Top of EXERCISE MATERIALS
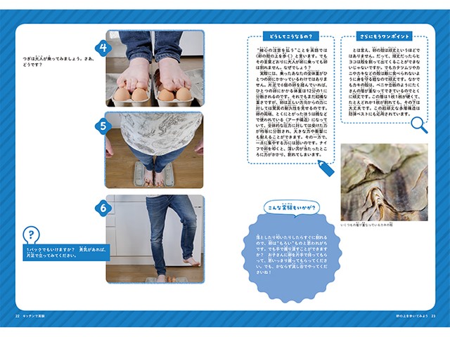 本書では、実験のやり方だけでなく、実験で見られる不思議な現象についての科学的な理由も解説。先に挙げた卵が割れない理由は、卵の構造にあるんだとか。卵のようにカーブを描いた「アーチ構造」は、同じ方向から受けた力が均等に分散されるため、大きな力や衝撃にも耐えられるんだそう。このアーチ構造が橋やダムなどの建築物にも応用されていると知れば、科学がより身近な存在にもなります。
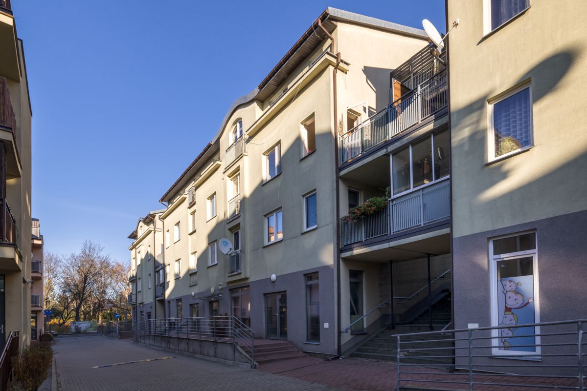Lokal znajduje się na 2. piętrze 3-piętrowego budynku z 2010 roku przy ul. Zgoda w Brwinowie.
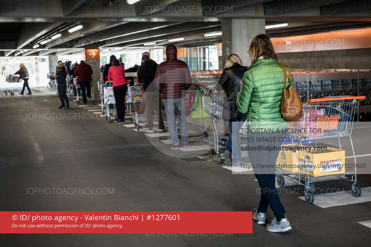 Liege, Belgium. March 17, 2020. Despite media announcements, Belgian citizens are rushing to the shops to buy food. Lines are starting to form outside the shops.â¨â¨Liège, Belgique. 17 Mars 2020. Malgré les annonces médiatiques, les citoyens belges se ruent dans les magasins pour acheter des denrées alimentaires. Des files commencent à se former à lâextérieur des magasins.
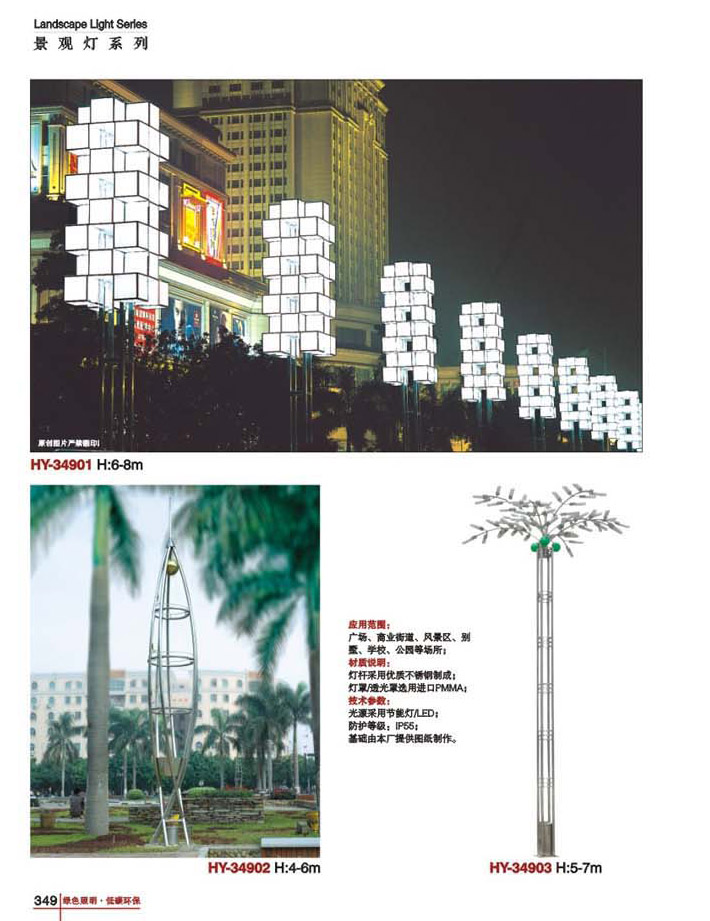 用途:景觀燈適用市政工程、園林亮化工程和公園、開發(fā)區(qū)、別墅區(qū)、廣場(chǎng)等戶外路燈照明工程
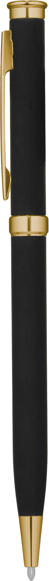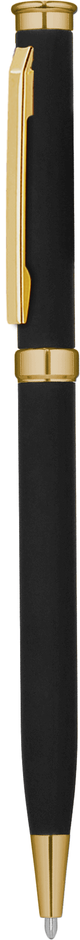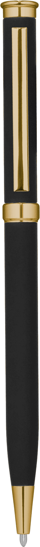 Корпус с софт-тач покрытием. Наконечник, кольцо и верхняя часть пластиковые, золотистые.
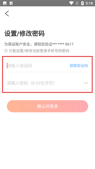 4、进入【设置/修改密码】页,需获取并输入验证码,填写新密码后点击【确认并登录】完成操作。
Bottom of EXERCISE MATERIALS
(WHAT IS BEING ASKED): Only the lines from the one containing "Lokal znajduje się" through the last line of the data may appear in the answer, each given again exactly and with pictures left out.

(YOUR SOLUTION):
Lokal znajduje się na 2. piętrze 3-piętrowego budynku z 2010 roku przy ul. Zgoda w Brwinowie.
 Liege, Belgium. March 17, 2020. Despite media announcements, Belgian citizens are rushing to the shops to buy food. Lines are starting to form outside the shops.â¨â¨Liège, Belgique. 17 Mars 2020. Malgré les annonces médiatiques, les citoyens belges se ruent dans les magasins pour acheter des denrées alimentaires. Des files commencent à se former à lâextérieur des magasins.
 用途:景觀燈適用市政工程、園林亮化工程和公園、開發(fā)區(qū)、別墅區(qū)、廣場(chǎng)等戶外路燈照明工程
 Корпус с софт-тач покрытием. Наконечник, кольцо и верхняя часть пластиковые, золотистые.
 4、进入【设置/修改密码】页,需获取并输入验证码,填写新密码后点击【确认并登录】完成操作。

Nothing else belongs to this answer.